It was expected the board would rubber-stamp the expansion of the tournament that the men’s basketball committee suggested last week.
Now the NCAA must decide how the new format will work. It’s widely assumed the tournament will add three opening-round games to the one already played.
At issue is which eight teams will be put in the opening round. Could it be eight champions of mid-major conferences, or the final eight at-large teams to get in the tournament?
The former proposal could affect leagues such as the America East or the Metro Atlantic Athletic Conference, who would have to win a game to get into the 64-team field.
Although there’s a stigma to being relegated to the “play-in game,” America East commissioner Patrick Nero pointed out that under the current system, the winner of an opening-round game earns an extra $1.2 million dollars for the conference it represents spread over a six-year period.
Nero also suggested the NCAA might rather put eight at-large teams in the opening round because it could garner higher television ratings due to better-known schools participating.

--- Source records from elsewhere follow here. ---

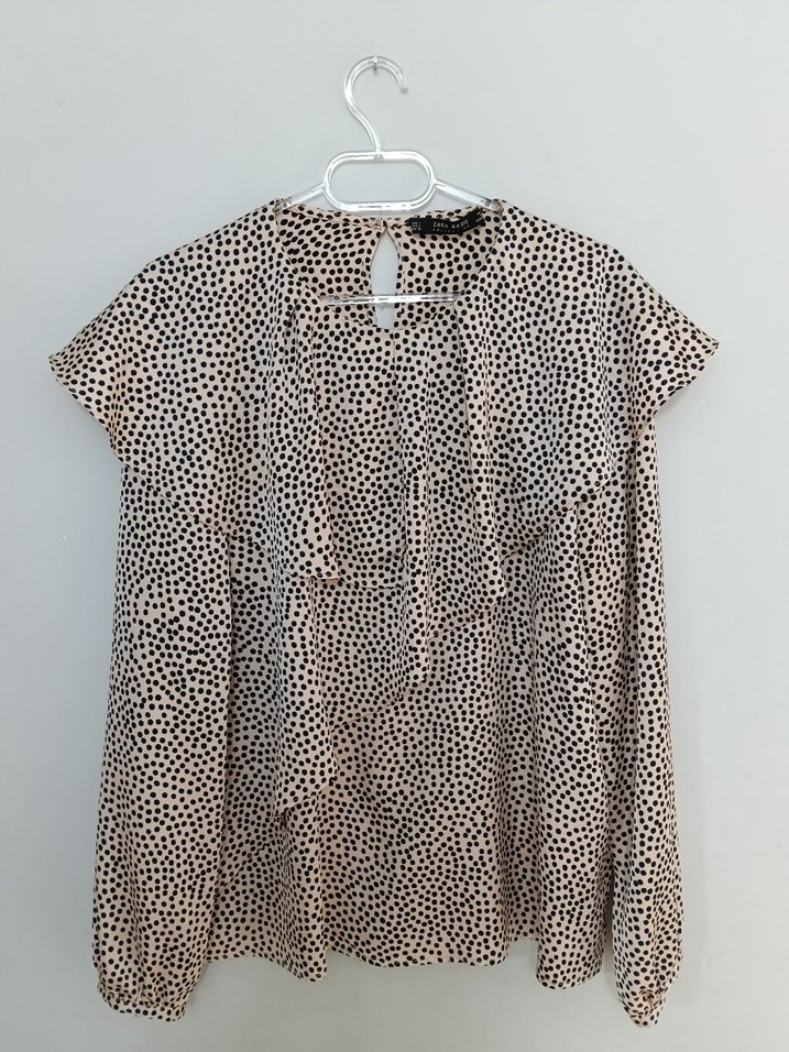 Bej ve gri tonlarda zebra desenli, V yaka kısa kollu, düğmeli, bol kesim kadın bluz. Sentetik kumaştan kısa boyda, günlük rahat kullanım için uygun.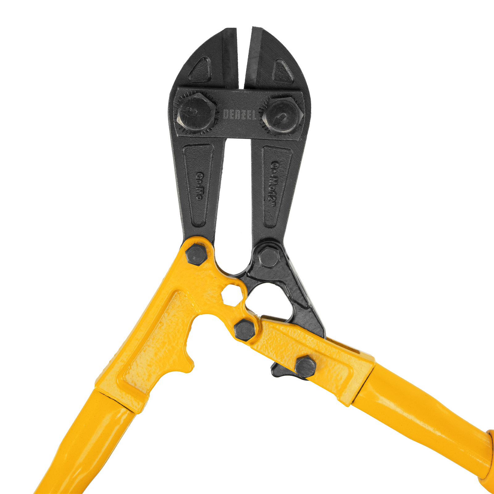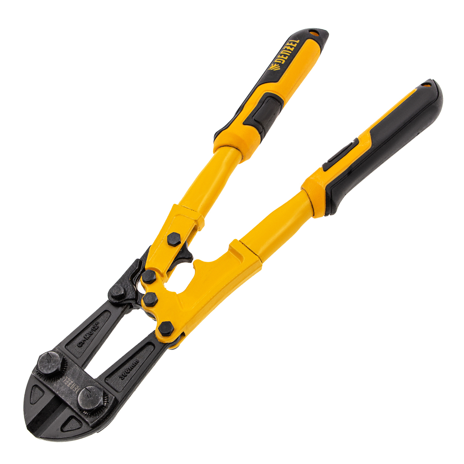 Болторез Denzel 78531 длиной 300 мм (12 дюймов), из стали Cr-Mo, предназначен для перекусывания стальных прутков диаметром 4,8 мм, болтов и шурупов, тросов, разнородной проволоки.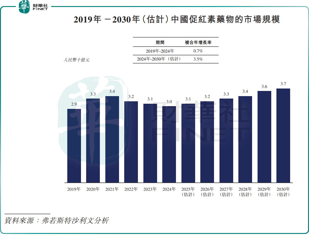 赛若金®所在的中国人干扰素α市场2024年规模仅31亿元,2019-2024年复合年增长率仅4.5%;依普定®所处的促红素药物市场更为低迷,2024年市场规模30亿元,上述期间复合年增速仅0.7%,过去三年持续下滑,行业天花板较低直接限制了公司业绩增长空间。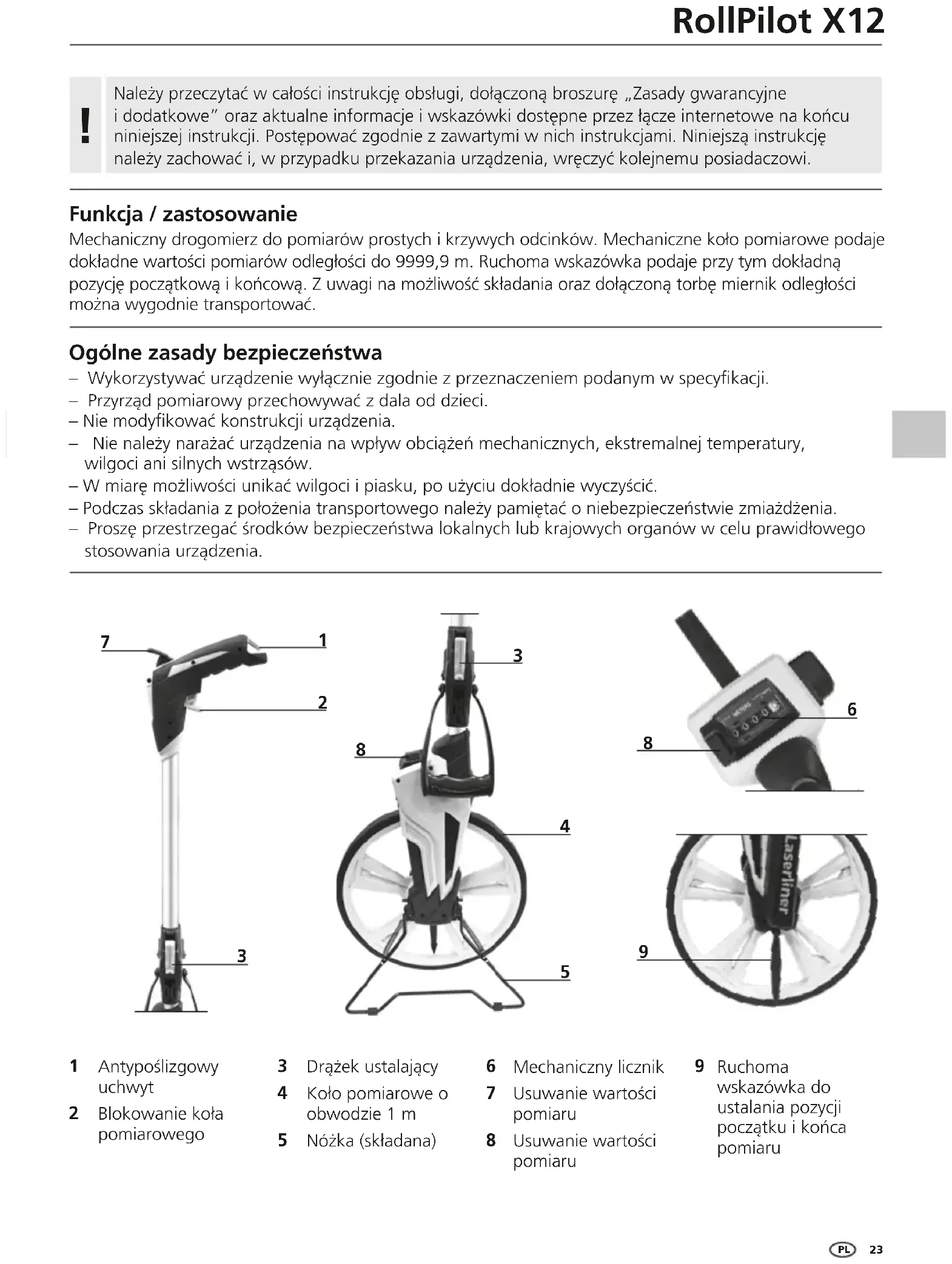 Funkcja / zastosowanie Mechaniczny drogomierz do pomiarów prostych i krzywych odcinków. Mechaniczne koło pomiarowe podaje dokładne wartości pomiarów odległości do 9999,9 m. Ruchoma wskazówka podaje przy tym dokładną pozycję początkową i końcową. Z uwagi na możliwość składania oraz dołączoną torbę miernik odległości można wygodnie transportować. Ogólne zasady bezpieczeństwa – Wykorzystywać urządzenie wyłącznie zgodnie z przeznaczeniem podanym w specykacji. – Przyrząd pomiarowy przechowywać z dala od dzieci. – Nie modykować konstrukcji urządzenia. – Nie należy narażać urządzenia na wpływ obciążeń mechanicznych, ekstremalnej temperatury, wilgoci ani silnych wstrząsów. – W miarę możliwości unikać wilgoci i piasku, po użyciu dokładnie wyczyścić. – Podczas składania z położenia transportowego należy pamiętać o niebezpieczeństwie zmiażdżenia. – Proszę przestrzegać środków bezpieczeństwa lokalnych lub krajowych organów w celu prawidłowego stosowania urządzenia.

“For TV purposes, Virginia Tech against Illinois could be a better game than Winthrop and Arkansas-Pine Bluff,” said Nero, referring to this year’s opening-round game. “If you’re a TV network, which would you prefer?”
Nero also said he’d like to know whether the opening-round games would continue to be played in Dayton, or if they’d be held at one of the regional sites, before the rest of the tournament starts.
“They’ve done a very good job in Dayton,” Nero said. “I wouldn’t want an atmosphere created that makes (opening-round) teams feel like they’re not a part of the overall tournament.”